Diese Woche hat der Bundesrat entschieden, 2018 weniger für Bildung, Forschung und Innovation auszugeben als im laufenden Jahr. Besonders betroffen sind die ETH und die EPFL, mithin die renommiertesten Bildungs- und Forschungsinstitutionen des Landes.

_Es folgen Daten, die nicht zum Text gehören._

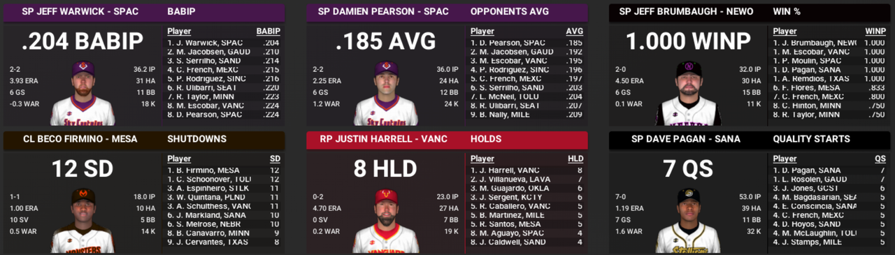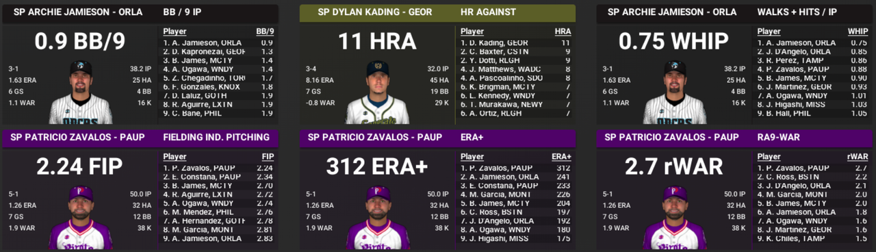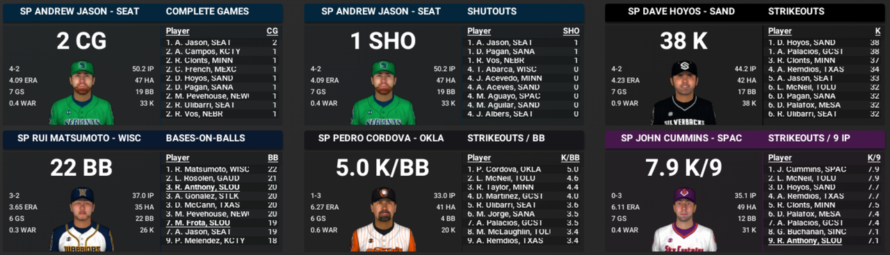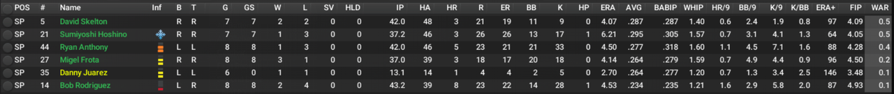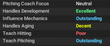 I don't sweat bullpen performance too much because bullpens are volatile by nature, and ripe for over/under performance. But my starting pitching has me confused. Anthony is like the #12 pitcher in the whole league, and isn't that great to be honest. Frota was outstanding in 23, not so much in 24. Most of the guys are in or nearing peak age seasons, but have taken a huge step back. ![]() One of the major aspects seem to be the increase in walk rate, across the board. If anyone reading this crap can help me figure it out, I'd be grateful. My first thought was that maybe my catcher was poor, but I drafted the guy like 3 overall in the Inaugural Draft because he was a good defensive catcher. ![]() Then I thought maybe it was my pitching coach, but I recalled that I was focused on hiring coaches that were very good at what I needed them to be great at.

Nun muss sich natürlich auch die vornehme ETH dem Gesetz der knappen Mittel beugen. Auch sie kann und soll effizienter werden. Und doch steht dieser Sparentscheid so quer in der Landschaft, dass es sich lohnt, genauer hinzuschauen. Der Bildungsabbau hat strukturelle Gründe. Er ist das Ergebnis eines gefährlichen Trends. Bundesrat und Parlament haben sich eingewickelt in ein finanzpolitisches Regelwerk, das eine weitsichtige Haushaltsführung schlechthin verunmöglicht. Das erste Problem ist die Fondswirtschaft. Mit der Schaffung grosser Verkehrsinfrastrukturtöpfe in den letzten Jahren wurden umfangreiche Bundesmittel dem Zugriff der Politik entzogen. Sie werden verbaut, komme, was wolle, und stehen nicht mehr zur Verfügung, um Sparmassnahmen abzufedern. Die Folge: Der bewegliche Teil des Budgets wird immer schmaler. Gespart wird nur noch bei der Bildung, der internationalen Zusammenarbeit, der Landwirtschaft, der Kultur oder der Armee – je nachdem, ­wessen Lobby gerade schwächelt.

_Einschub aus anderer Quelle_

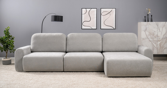 Диван-кровать угловой Тэдди 1506 композиция 3, букле Pique 011 серый, модульная система, сборка на любую сторону
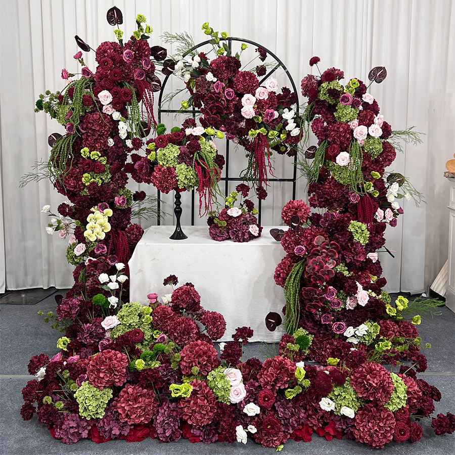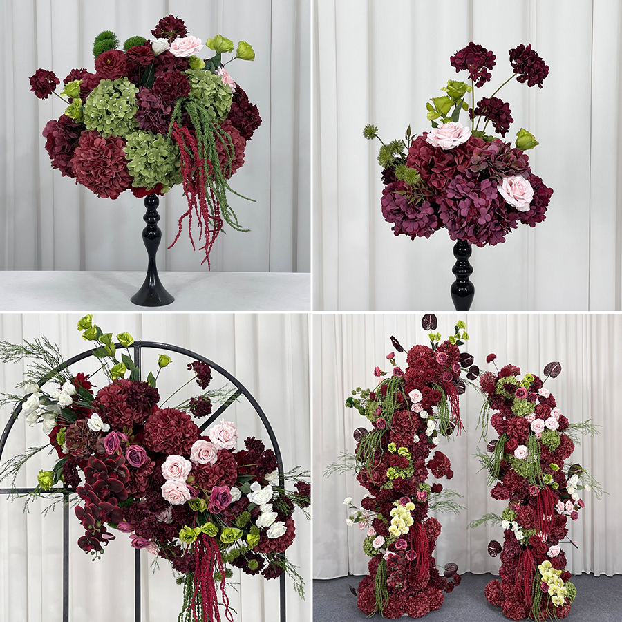 Ensemble de fleurs artificielles en soie bordeaux pour la décoration de fond de scène de mariage, style moderne, haute qualité, durable
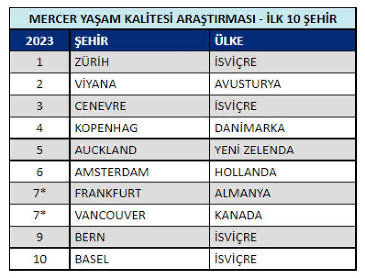 Bu yıl yaşam kalitesi en yüksek şehir Zürih olurken, onu Viyana ve Cenevre takip etti. Kopenhag bir kez daha dördüncü sırayı alırken, Auckland beşinci oldu.
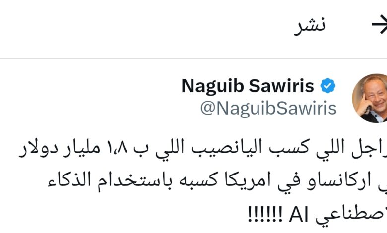 اشعل رجل الأعمال نجيب ساويرس السوشيال ميديا حينما غرد علي موقع تويتر وتحدث عن فوز رجل في امريكا باليانصيب بـ 1.8 مليار دولار بالذكاء الاصطناعي

Das zweite Problem ist die Schuldenbremse. Sie ist zwar sehr effektiv. Die Schweiz ist praktisch schuldenfrei. Doch hat sie die Politik auch ihrer Möglichkeiten beraubt, Akzente und Impulse zu setzen. Nachdem der Bund seit 2007 Überschüsse von 25 Milliarden angehäuft hat, wäre es der richtige Zeitpunkt, über eine moderate Lockerung der Schuldenbremse nachzudenken. Beispielsweise um Investitionen in die Bildung zu finanzieren. Die unzähligen freisinnigen Digitalisierungs- und Innovationsturbos könnten hier beweisen, wie ernst es ihnen wirklich ist mit ihren Sonntagsreden.